Cardona’s autopsy revealed a 9-mm bullet passed through his left hand into his head. And police retrieved a magazine containing seven live rounds of .45-caliber ammunition from the driveway near where he was shot.

After the shooting, the assailants fled on foot through a wooded area next to the home. Then, according to the prosecution, an as-yet unnamed person picked them up in a vehicle and delivered them to Reed, who drove them back to Maryland. An investigation followed, but it wasn’t until 17 months later that Prather was arrested, on Oct. 25, 2011.

On Feb. 22, 2012 in U.S. District Court in Alexandria, he pleaded guilty to conspiracy to commit robbery and using a firearm in the commission of that crime. And on June 1, 2012, Judge Anthony Trenga sentenced him to 30 years in prison.

Champean pleaded guilty Dec. 7, 2012 in federal court to conspiracy to commit robbery and use of a firearm in a crime of violence causing death. And on April 12 of this year, he was also sentenced by Trenga to three decades in a federal penitentiary.
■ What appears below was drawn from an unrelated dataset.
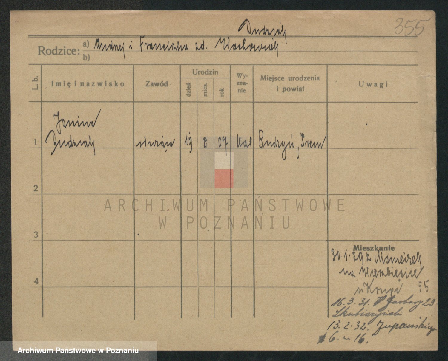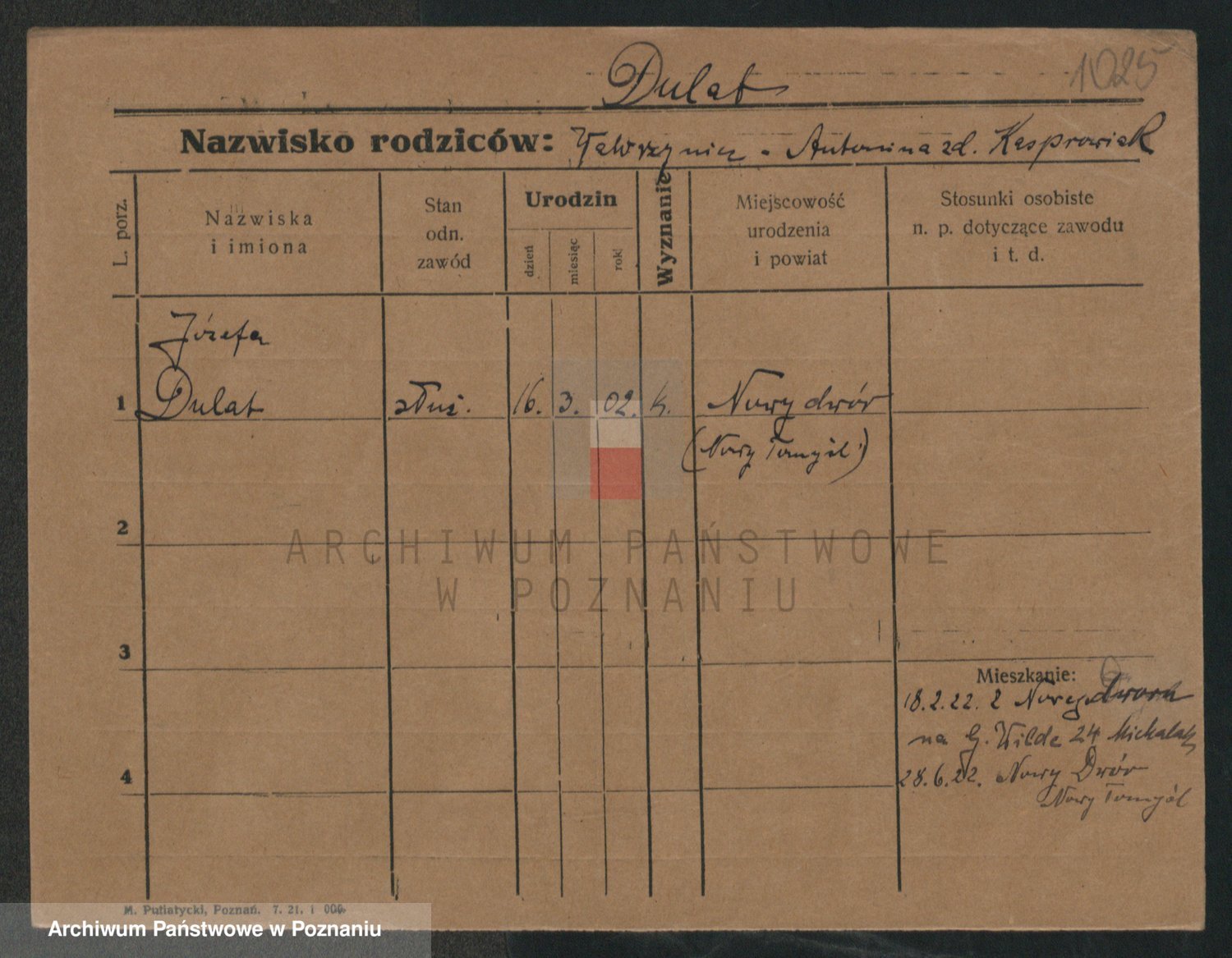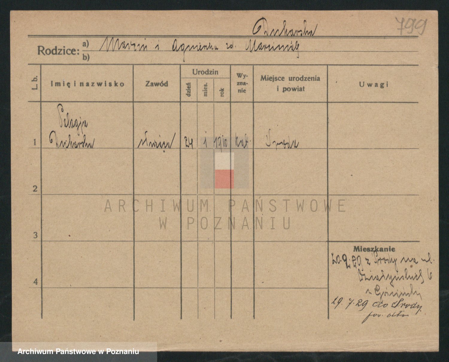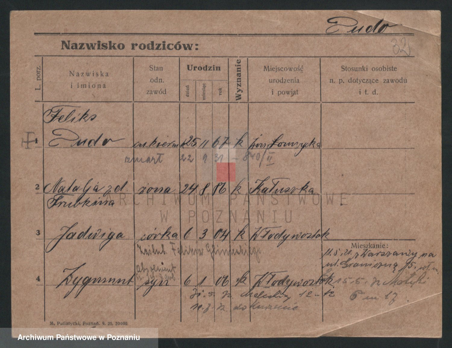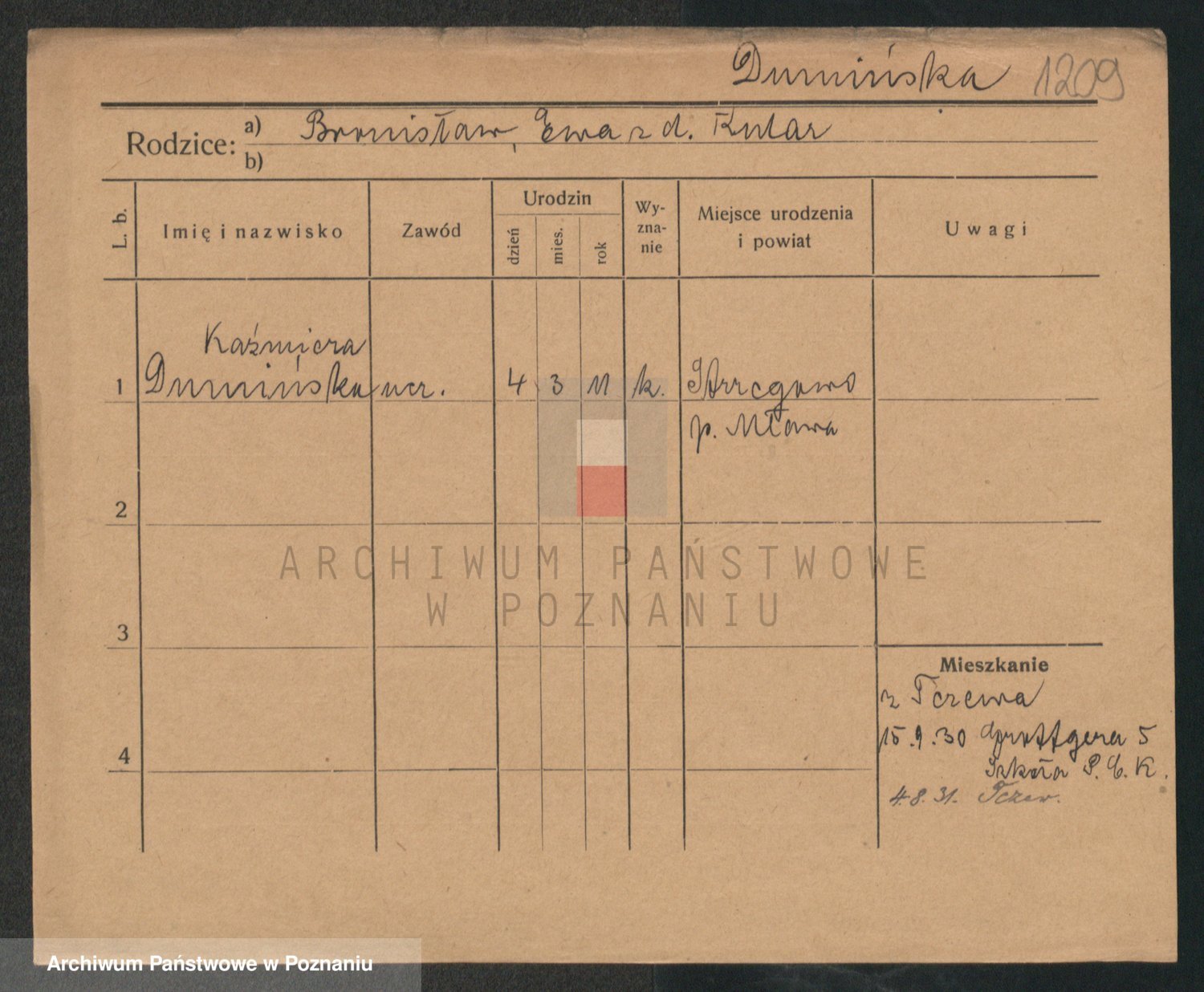 Podgląd karty osobowej dostępny jest po kliknięciu na nazwisko lub ikonkę karty. Można dokonywać powiększenia (ikony na górze) lub przechodzić między kolejnymi skanami (strzałki po bokach).

Police apprehended Reed, then 43, of Manassas, on Dec. 12, 2012. A Metrobus driver, he was arrested at the end of his route. Authorities charged him with conspiracy to commit robbery and aiding and abetting the discharge of a firearm during or in relation to a crime of violence.

Initially scheduled for a June 12 jury trial, he instead pleaded guilty on April 18. Reed returned to U.S. District Court in Alexandria last Friday and, at that time, Trenga sentenced him to 22-and-one-half years in prison, followed by three years supervised release.

This case was investigated by the Fairfax County Police Department’s Homicide Unit. Assistant United States Attorneys Michael E. Rich and Zachary Terwilliger were the prosecutors.

“Mr. Reed, while not physically present at the murder, put this tragic and terrifying sequence of events in motion,” said MacBride. “He will now have over 20 years in federal prison to contemplate his greed-fueled involvement in the crime.”